Glenn Geffcken, Author, Shift: Indigenous principles for corporate change

The Way Of Love

The way of love is not so much a direct teaching of Indigenous culture as it is a byproduct of their way of life. Each of their principles for living represent a way of being that loves each part of their lives. They see themselves as a part of a living system, not separate from, but integral with. And in so being, they naturally love the system, which provides for all life… Even some of their greatest warriors, those demonized by our American history as slayers of the blue-coated soldiers, were known among their people as incredibly loving beings. 


Many, if not all, of the indigenous principles relate in some way or another to the need for living our lives with very high ethical standards. It is not important to be honest so that people will think of us as good people, or that our company is good, or so that we can think of ourselves as being good people or running or working for a good company; the need for integrity is so highly important because it is necessary in order to be right with all that we are connected with … which is everything.

The Spirit World

The principle of the spirit world is truly vast and precisely consistent from one end of the globe to the other in the Indigenous mindset. It relates to all levels of their society.
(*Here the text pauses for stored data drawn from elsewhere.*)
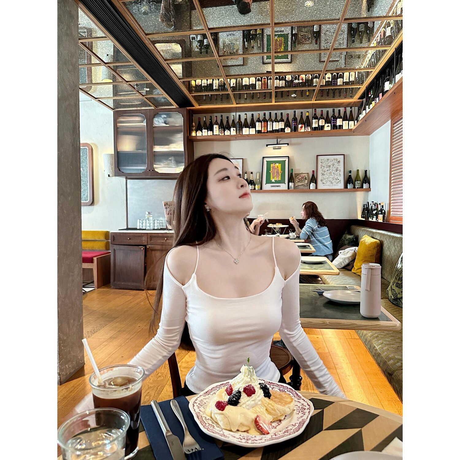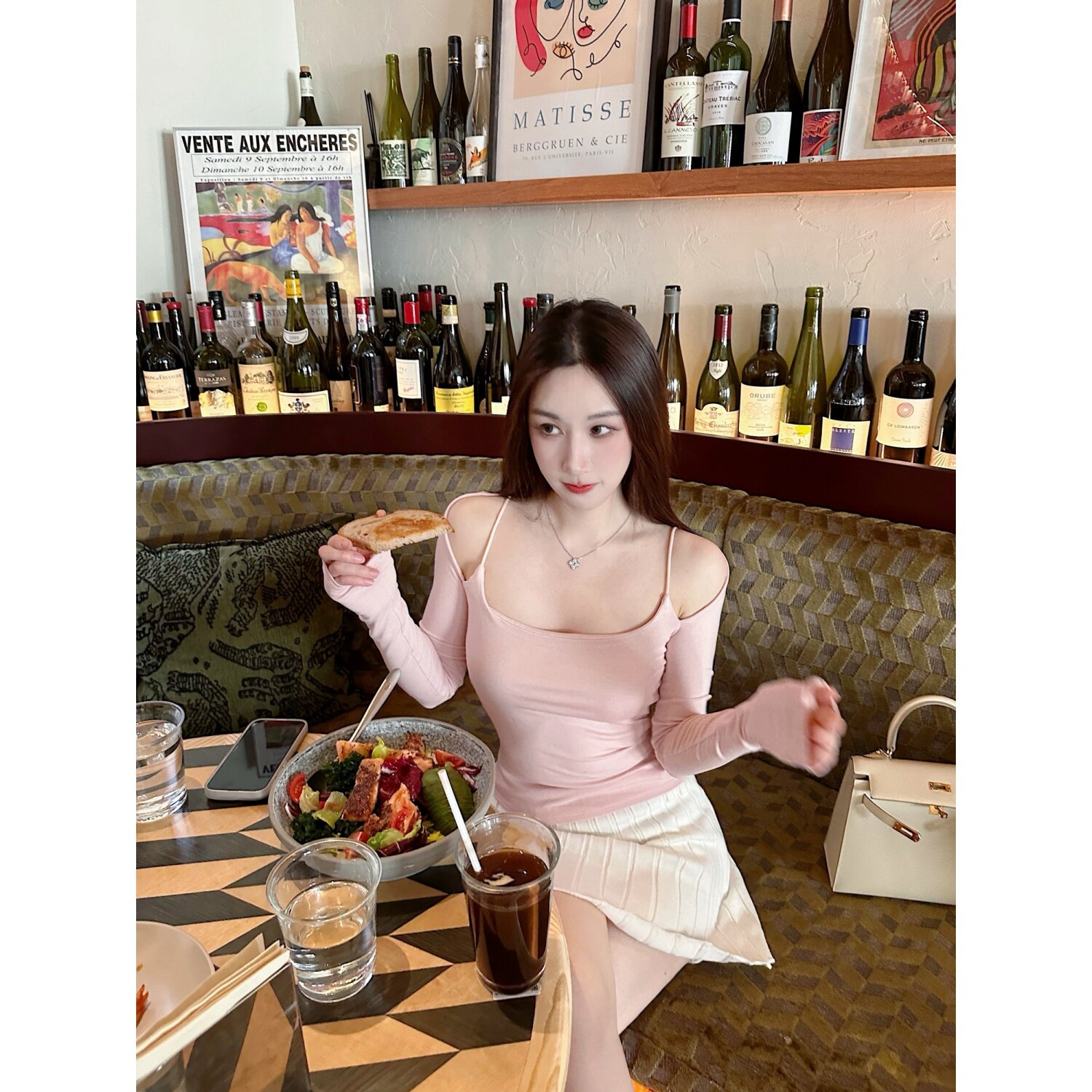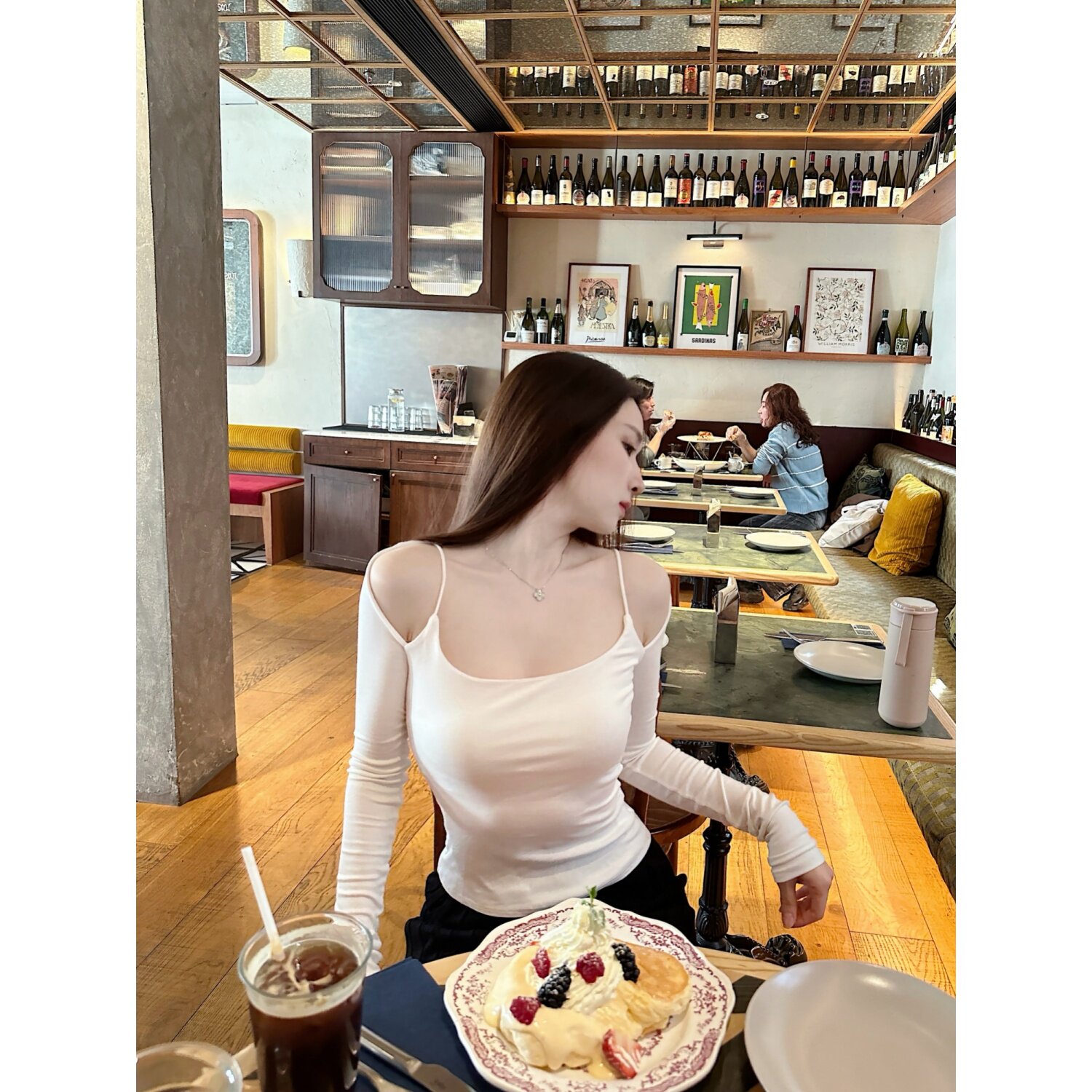 纯欲修身 漂亮肩颈线 zhazha 一字领大U领挂脖露肩白色T恤 Dear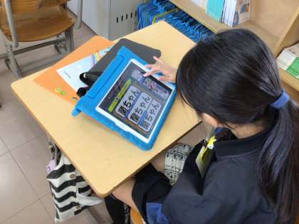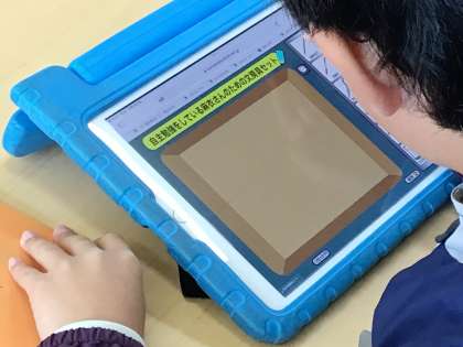 学習用タブレットの中で「〇〇している〇〇さん(自分以外)のための文房具セット」を考えて、いれていきます。タブレットの操作でわからない所があったら、先生や友達に聞いて取り組んでいました。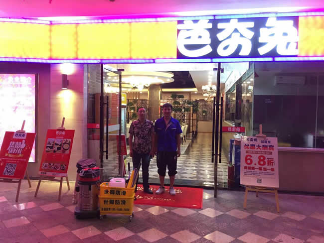 2019年6月18日晚順利完成四川達(dá)州市《芭夯兔》餐廳地面防滑工程,郭總經(jīng)過(guò)一個(gè)半月的考察最終選擇世卿防滑,給我一個(gè)機(jī)會(huì),還你一個(gè)驚喜!祝宣漢店生意興隆。

It is the starting point and the ending point for their understandings. Direct connection with this universe of knowledge and guidance is what anoints the medicine person with the right to perform ceremonies and healings. It is the guiding voice in their ceremonies, their interrelationships, planting cycles, direction for hunts, how to resolve conflict, and so much more.

The Warrior Spirit

The “warrior spirit” in the Indigenous sense, is largely regarded as a person, man or woman, who has vowed their life to the betterment of their family, community, nation, collectively “their people,” and that they will act and make decisions for that greater good regardless of how hard it may be or the consequences as they pertain to the warrior him or herself… We are required to behave like warriors, willing to do what it takes for the greater good regardless of what it requires of ourselves personally.